This is the 15th day of my participation in Gwen Challenge

Hadoop framework overview of HDFS, mainly explains the common Shell operation commands. The content of today’s small edition is HDFS client operation (development focus), the main content is :(1) HDFS client environment preparation; (2) HDFS API operation; (3) HDFS I/O flow operations.

Copy the compiled Hadoop JAR package to a non-Chinese path (for example, D:\software\hadoop-2.7.2) according to your PC’s operating system, as shown in the following figure.

2. Configure the HADOOP_HOME environment variable, as shown in the figure.

3. Configure the Path environment variable, as shown in The figure.

References 1 to 3 are summarized as follows:

= = = = = = = = = = = = = = = = = = =

Reference 1: Configuring the JDK with IntelliJ IDEA:

Blog.csdn.net/nobb111/art…

Refer 2: Maven environment configuration and Maven deployment in IntelliJ IDEA

www.cnblogs.com/sigm/p/6035…

Blog.csdn.net/tigaobanson…

Blog.csdn.net/weixin\_392…

4. Create a Maven project HdfsClientDemo

Reference 1: Create a Maven project HdfsClientDemo

Blog.csdn.net/weixin\_398…

www.cnblogs.com/clicklin/p/…

Note: If Eclipse/Idea does not print logs, they are only displayed on the console

Create a new file named “log4j.properties” in the SRC /main/resources directory of your project and fill it with the following contents:

The user name needs to be configured at runtime. When a client operates HDFS, it has a user identity. By default, the HDFS client API obtains a parameter from the JVM as its user identity: -dhadoop_user_name =xuefa, where xuefa is the user name.
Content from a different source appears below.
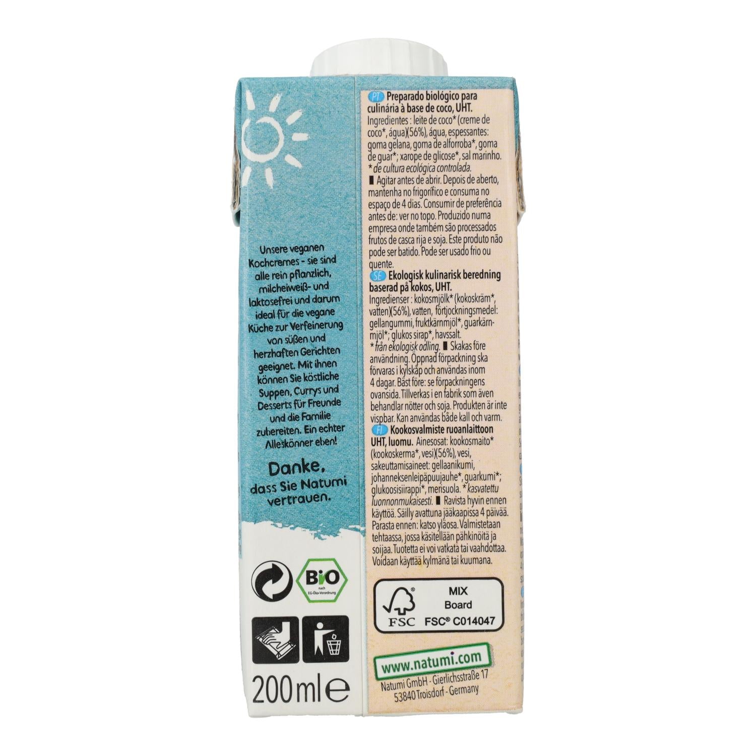 Toda la información sobre "Crema para Cocinar a base de Coco Natumi, 200 ml"

http://192.168.220.132:50070/explorer.html#/

2. Copy hdFS-site. XML to the root directory of the project (resource).

Priority order of parameters :(1) values set in the client code > (2) user-defined profiles in ClassPath > (3) then the default configuration of the server

1. Idea view source code without comments, refer to the following article Settings:

www.cnblogs.com/tdyang/p/11…

Intellij IDEA Error: Java release 5 is not supported.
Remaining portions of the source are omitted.